As such, spread across every continent apart from Antarctica – and covering a territory almost double the size of the UK – seagrass meadows, mangroves and salt marshes are vital in reducing atmospheric carbon levels.
Seagrass meadows – around 82 species consisting of flowering plants that grow in salty marine environments – are particularly great at storing carbon. Accounting for just 0.1 per cent of the ocean seafloor, they store 11 per cent of the organic carbon buried deep within the ocean. Mangroves are also incredibly useful: trees, shrubs or plants growing in coastal swamps that sequester carbon at a rate ten times faster than a mature rainforest. Finally, salt marshes – dense salt-tolerant grasses, herbs or shrubs that grow between land and open salt water – offer another ample opportunity for carbon to be stored.
Collectively, the soils and vegetation in coastal ecosystems store between 10 and 24 billion metric tons of carbon. Each year, they add approximately 30 to 70 million metric tons to their soils. While it may sound like a hefty number, in reality, it is just a small fraction of the carbon dissolved directly into the ocean as CO2 (40 trillion metric tons).
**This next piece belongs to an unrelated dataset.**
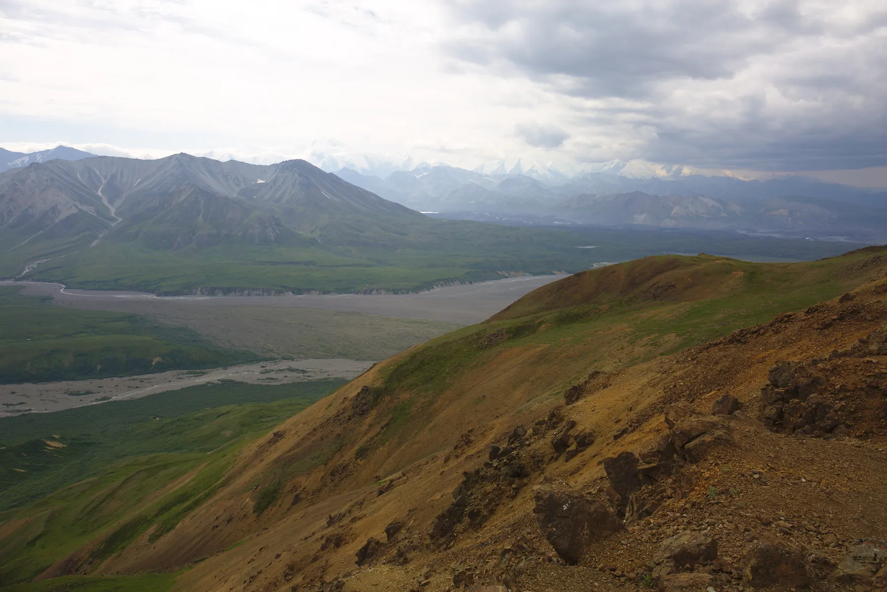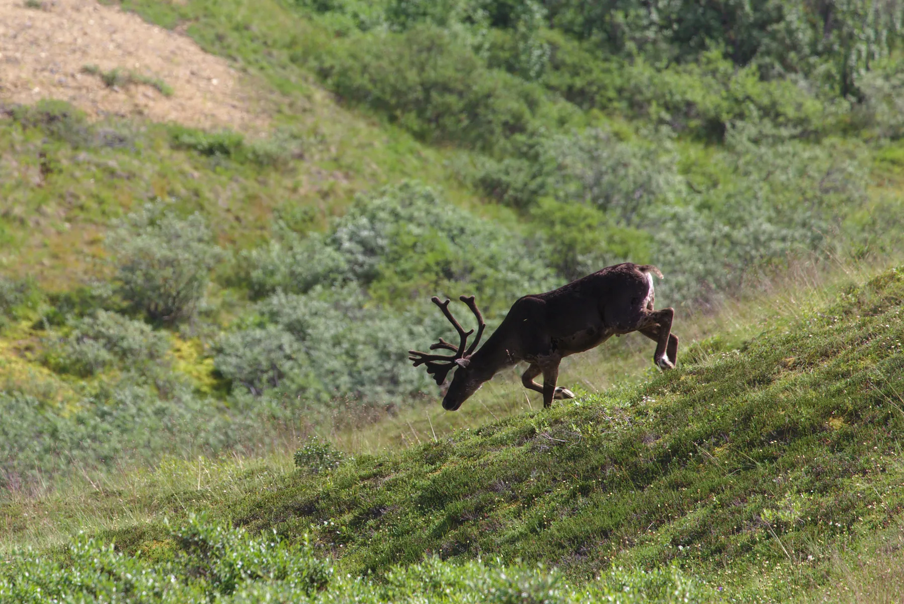 In den Park hinein geht es nur mit einem Bus - oder zu Fuss. Nach einer 4 stündigen Busfahrt mit einem sehr unterhaltsamen Busfahrer, komme ich im Eielson Visitor Center an. Ich entscheide mich für eine 2 stündige Wanderung, für welche ich knappe 50 Minuten benötige. Auf dem Bus zurück aus dem Park, treffe ich per Zufall wieder auf Stina und Kyle. So fahren wir gemeinsam zu Paul (Tent Space Map ;-)), wo wir auf ein weiteres Weltenbummler Paar stossen. Den Abend verbringen wir frischem Lachs (danke Paul) und tollen Motorradabenteur-Geschichten.

In the UK, such ecosystems sequester and store around two per cent of the country’s annual emissions.
Why are coastal blue carbon sinks important?
Because coastal blue carbon sinks contain so much carbon, it is vital that these habitats are appropriately conserved. That’s because when these systems are damaged, a significant quantity of carbon is emitted back into the atmosphere, where it can contribute to climate change.
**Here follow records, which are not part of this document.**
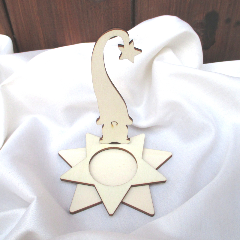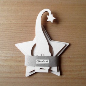 Das Steckset besteht aus drei Teilen: der 11 cm große Wichtel Eberhard wird erst in den Schlitz des 9 cm breiten oberen Sterns gesteckt (das ist der mit dem Loch für das Teelicht), dann in den Schlitz des gut 10 cm breiten unteren Sterns - FERTIG!
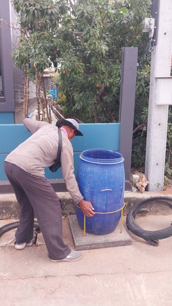 ดำเนินการวางฐานถังขยะ บริเวณหมู่ที่ 15
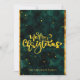 Green and Gold Joyeux Noël Elegant Script Carte de vacances. Effet numérique vintage et Faux Gold. Vous pouvez personnaliser le texte à l'arrière.
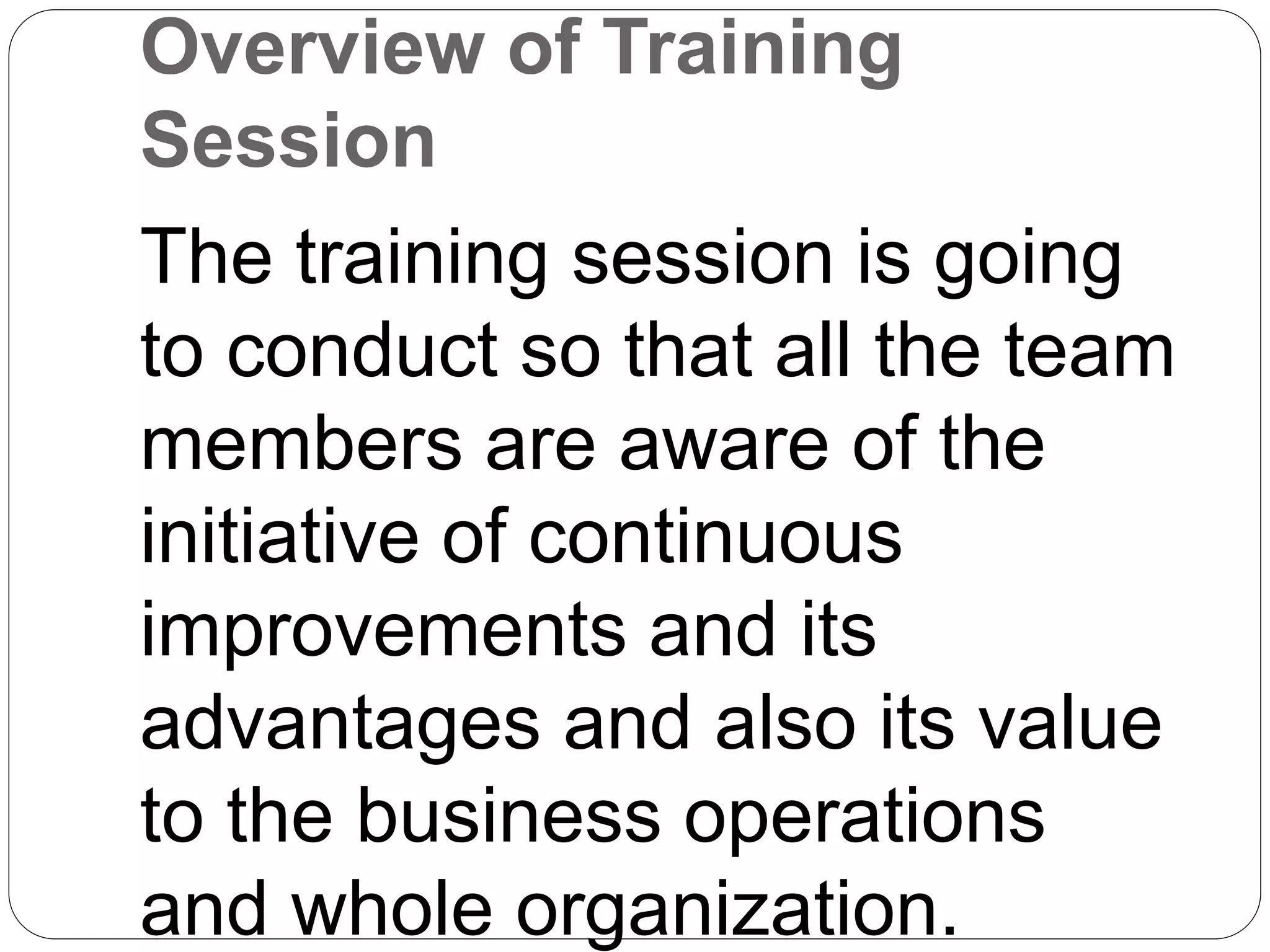 The training session aims to inform team members about continuous improvement initiatives and their benefits to business operations. Key points include an overview of continuous improvement, its advantages, and the current policy at MMI along with proposed improvements. The session emphasizes the value of these processes to the organization.

One way to slow down the impacts of climate change is to incorporate coastal wetlands into the carbon market by buying and selling carbon offsets. As such, a financial incentive is created for restoration and conservation projects, helping to alleviate state carbon taxes, which are instead aimed at discouraging the use of fossil fuels.
Essentially, such a scheme operates in a cycle: when fewer greenhouse gases are emitted, less pollution is created. As such, less pollution taxes create a benefit for the environment alongside financial benefits for the community carrying out restoration.
In particular, mangrove forests are also important in protecting coastal communities from flooding. According to a World Bank report, these ecosystems protect more than six million people from flooding annually, and prevent losses of $24 billion in productive assets.
How are coastal habitats being protected?
Around the world, many projects are underway to ensure coastal habitats can be preserved for generations to come. One major project is the idea of a carbon market in which a country or region’s activities to reduce emissions become currency that it uses to offset its own emissions, or to trade with other countries.
For example, in Florida, one research body is studying the feasibility of using a planned mangrove restoration to bring blue carbon credits to the market.
Meanwhile, in Oregon, data is being published on the carbon stored in Pacific Northwest tidal wetlands, with partners also filling in data gaps on carbon storage and greenhouse gas emissions. In doing so, researchers aim to calculate the carbon-market value of various restoration projects.
Despite their plethora of uses for the benefit of the environment, coastal habitats storing vast swathes of blue carbon face intense development pressure. Since the 1800s, coastal development has led to the loss of 25 per cent of salt marshes worldwide. 30-50 per cent of mangrove forests have entirely disappeared since the 1940s, and 50 per cent of all seagrass meadows in the last 35 years alone.
Today, mangroves are continually decimated at a rate of up to three per cent per year, salt marshes at one to two per cent, and sea grasses at a remarkable seven per cent per year.
Worldwide, stopping seagrass destruction and degradation alone could save up to 650 million tons of CO2 emissions annually, approximately equivalent to the annual emissions of the global shipping industry.